● **EXERCISE OBJECTIVE**
Write out the listing below character for character, though without its pictures.

● **DATASET CONTENT**
%%
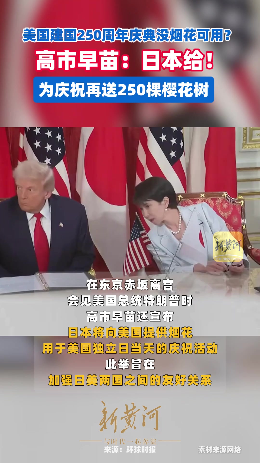 美国建国250周年庆典没烟花可用?高市早苗:日本给!为庆祝再送250棵樱花树
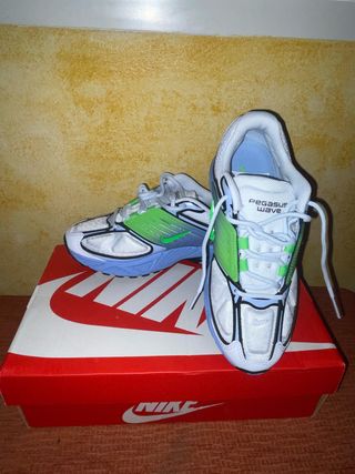 Zapatillas deportivas Nike Pegasus Wave. - Diseño en blanco y verde. - Talla 35.5.
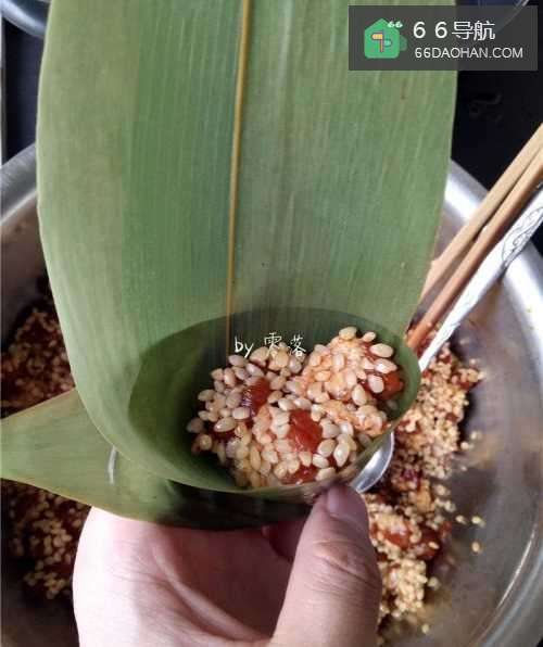 清香的粽叶一层层剥开,红黄闪亮的色泽,泛着油润的光泽。
%%
● **EXERCISE OUTPUT**
 美国建国250周年庆典没烟花可用?高市早苗:日本给!为庆祝再送250棵樱花树
 Zapatillas deportivas Nike Pegasus Wave. - Diseño en blanco y verde. - Talla 35.5.
 清香的粽叶一层层剥开,红黄闪亮的色泽,泛着油润的光泽。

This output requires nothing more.